In Austria, the Government has ordered an investigation into the country's fourth largest bank, Bawag PSK Group, which allegedly lent money to Philip Bennett to allow him to repay Refco. New York lawyers Shalov, Stone & Bonner have filed a class action against Bennett; chief financial office Gerald Sherer, the firm's outside accountant and auditor Grant Thornton, and the lead managers of the IPO, Credit Suisse First Boston, Goldman, Sachs & Co. and Bank of America Securities.
Yet, Refco has created no more clamour to change a model that is in the words of Borges 'prone to abuse,' than did WorldCom. One factor behind the muted response is that Refco is comparatively small, and not a businesses for the masses. It is not a company which has scoured the pensions of many ordinary employees, and parts of it remained attractive. In early November, the UK financial services company, Man Group, announced that it had acquired Refco's regulated futures business for $323m, a deal widely welcomed in the financial market.

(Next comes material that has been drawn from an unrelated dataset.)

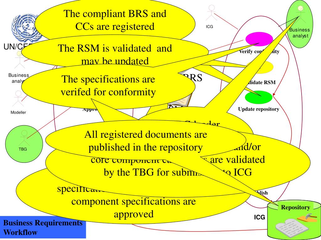 The compliant BRS and CCs are registered ICG Modeller Define business requirements Verify conformity BRS Harmonisation Update repository issues Approval RSM Validate RSM TBG Repository Publish TBG Repository ICG Creation The RSM is validated and may be updated The specifications are verifed for conformity A TBG leader follows the BRS through the ICG process All registered documents are published in the repository The Requirements specification and/or core component candidates are validated by the TBG for submission to ICG Formal Business requirements specifications and/or candidate core component specifications are approved Business Requirements Workflow

Borges says that the US model of corporate governance encourages entrepreneurial risk. "Capital is looking for risky ways of investing, because that is where the rewards are available. If a business is beginning to succeed, it can get capital now." If, afterwards, the company does not perform, then the market will be ruthless. "The United States is incredible in its search for efficiency. People move, capital moves, and companies get left behind when they are failing." In exchange, investors are still willing to accept a concentration of executive power in the hands of one person, even when history shows it can sometimes be against their interest.

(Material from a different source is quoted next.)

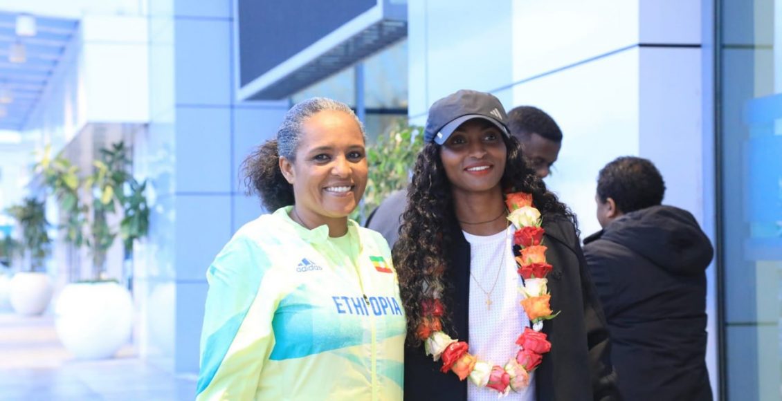 وكان في استقبالها لدى وصولها مطار بولي الدولي، رئيسة الاتحاد الإثيوبي لألعاب القوى، درارتو تولو، ووزير الدولة بوزارة الثقافة والرياضة، السفير مسفن تشرنت.

- Lee Coppack is a writer and analyst. She is also editor of Strategic Risks' sister publication, Catastrophe Risk Management, E-mail: firstname.lastname@example.org
CONFLICTS OF INTEREST
'A conflict of interest occurs when a Senior Officer's private interests interfere in any way with the interests of Refco. A Senior Officer's obligation to conduct Refco's business in an honest and ethical manner includes the ethical handling of actual or apparent conflicts of interest between personal and professional relationships. Before making any investment, accepting any position or benefits, participating in any transaction or business arrangement or otherwise acting in a manner that creates or appears to create a conflict of interest, a Senior Officer must make full disclosure of all facts and circumstances to the chair of the Audit Committee of the Board of Directors, and obtain the prior written approval of the Audit Committee of the Board of Directors. The disclosure obligations of Senior Officers extend to disclosure of changed circumstances relating to apparent or actual conflicts of interest.'
- Extract from Refco's Code of ethics for chief executive and senior financial officers. Adopted by the Board of Directors on 31 July 2005.